2. DESCRIPTION OF THE PRIOR ART
In an apparatus wherein an electrostatic latent image is developed by the developing powder comprising a mixture of magnetic carrier particles and pigmented toner particles, the toner particles are consumed while the magnetic carrier particles remain without being consumed and are reused in the course of developing processes. After repeated use of the developing powder, the concentration of the toner particles in the developing powder gradually decreases. In order to maintain a high quality of development, the concentration of the toner particles is required to be maintained constant or in a predetermined range, which in turn requires the detection of the concentration of the toner particles. Toner concentration detecting apparatuses operated in response to variations in permeability of the developing powder were suggested. Such apparatuses include U.S. Pat. No. 3,572,551 entitled "Apparatus for Monitoring and Controlling the Concentration of Toner in a Developer Mix" invented by Henderson et al., patented Mar. 30, 1971 on application Ser. No. 811,132 filed Mar. 27, 1969, and assigned to RCA Corporation. The present inventor suggested, on the other hand, improved toner concentration detecting apparatuses in U.S. appli. Ser. No. 783,554 entitled "Toner Concentration Detecting Apparatus" invented by Isamu Terashima and filed Apr. 1, 1977, now U.S. Pat. No. 4,131,081, and in U.S. appl. Ser. No. 841,737 entitled "Toner Concentration Detecting Apparatus" invented by Isamu Terashima, filed Oct. 13, 1977, now U.S. Pat. No. 4,147,127. These inventions have the disadvantage that the flow (density) of the developing powder acting on the detecting coil is unstable or likely to be affected by an external magnetic circuit. The U.S. Pat. No. 3,802,381 entitled "Apparatus for Measuring Concentration Ratio of a Mixture of Materials" invented by Roger M. O'Neill et al., patented Apr. 9, 1974 on application Ser. No. 140,573 filed May 5, 1971 and assigned to Continental Can Company, Inc. suggests, in contrast, that the detecting coil be inserted into a detecting cylinder. Such an apparatus also poses the problem of the flow of the developing powder being disturbed by the detecting coil, thus making difficult the measurement of high accuracy. The prior art other than those cited above includes U.S. Pat. No. 3,999, 687.
Accordingly, it is an object of the present invention to provide a toner concentration detecting apparatus capable of detecting the concentration of toner particles in the developing powder at high accuracy.
Another object of the present invention is to provide a toner concentration detecting apparatus not easily affected by magnetic factors other than the developing powder.

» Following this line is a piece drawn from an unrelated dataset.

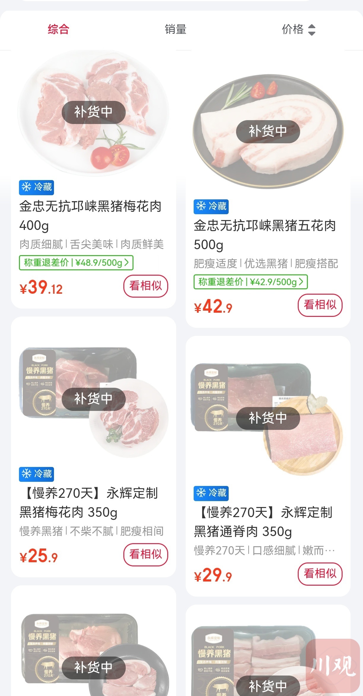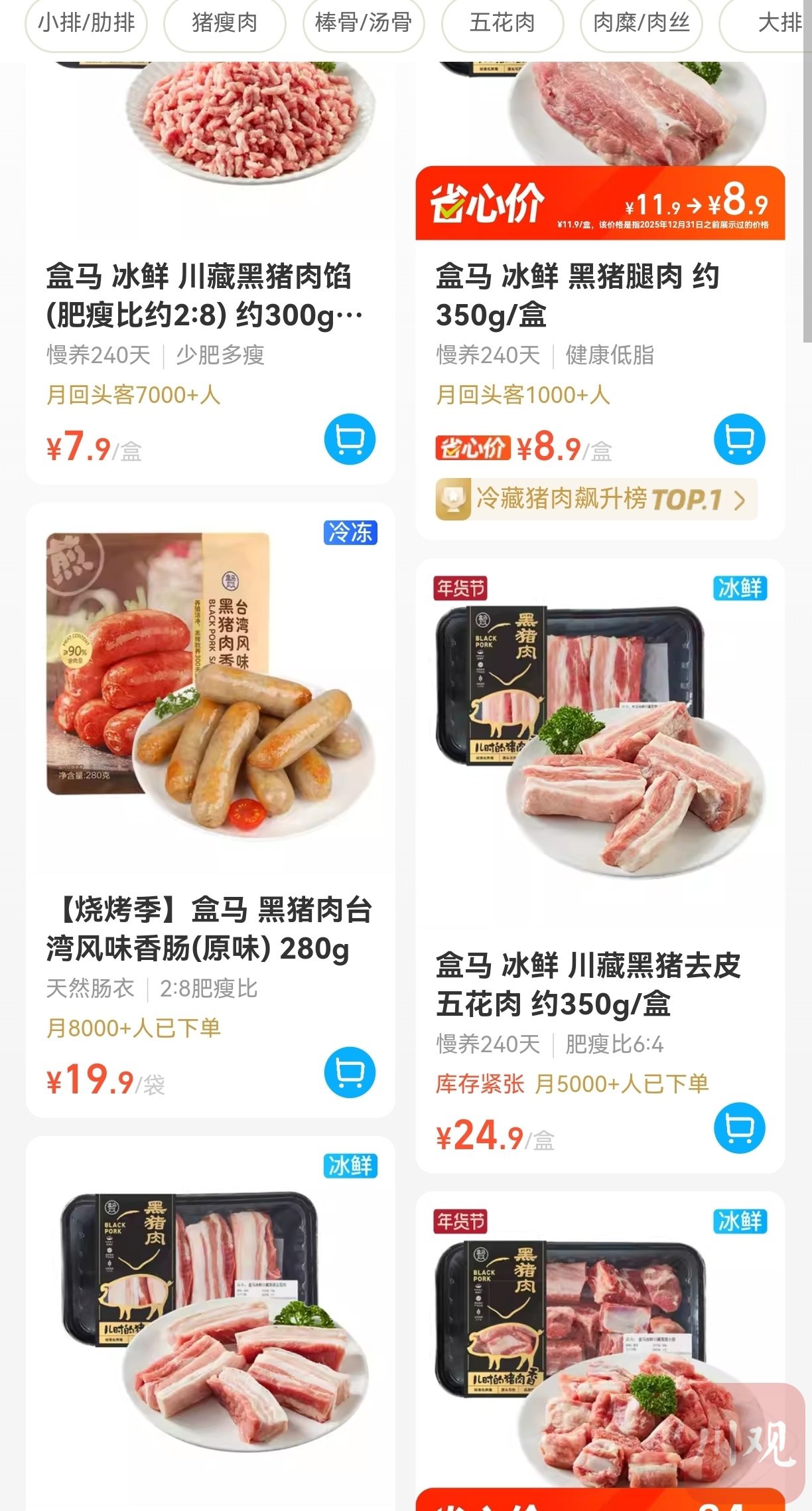 1月15日,记者在多家商超线上平台浏览发现,黑猪肉也是热销产品。盒马鲜生黑猪五花肉有超5000人下单,朴朴超市邛崃黑猪肉回购指数达93.6%,永辉超市多款黑猪肉显示“补货中”。盒马鲜生成都区域肉禽采购相关负责人向记者透露,2025年,盒马鲜生在成都区域销售的黑猪肉同比增长了近30%。

According to the present invention, there is provided a toner concentration detecting apparatus comprising transport means, guide means for separating the developing powder from the transport means to form a laminar flow of the developing powder, and a magnetically-actuated flat element disposed in parallel to the laminer flow and embedded in the developing powder in the guide means, so that the flow of the developing powder is stable and not easily affected by external conditions due to the magnetic shield effect of the developing powder itself.
FIG. 1 is a longitudinal sectional view of the developing apparatus according to the present invention.
FIG. 2 is a sectional view taken in line II--II in FIG. 1.
FIG. 3 shows an electrical circuit diagram.
FIG. 4 is a diagram showing detection characteristics curves.
FIG. 5 is a longitudinal sectional view of the developing apparatus according to another embodiment of the present invention.
FIG. 6 is a longitudinal sectional view of the developing apparatus according to still another embodiment of the present invention.
FIG. 7 is a sectional view taken in line VII--VII in FIG. 6.
FIG. 8 is a perspective view of enlarged detecting coil.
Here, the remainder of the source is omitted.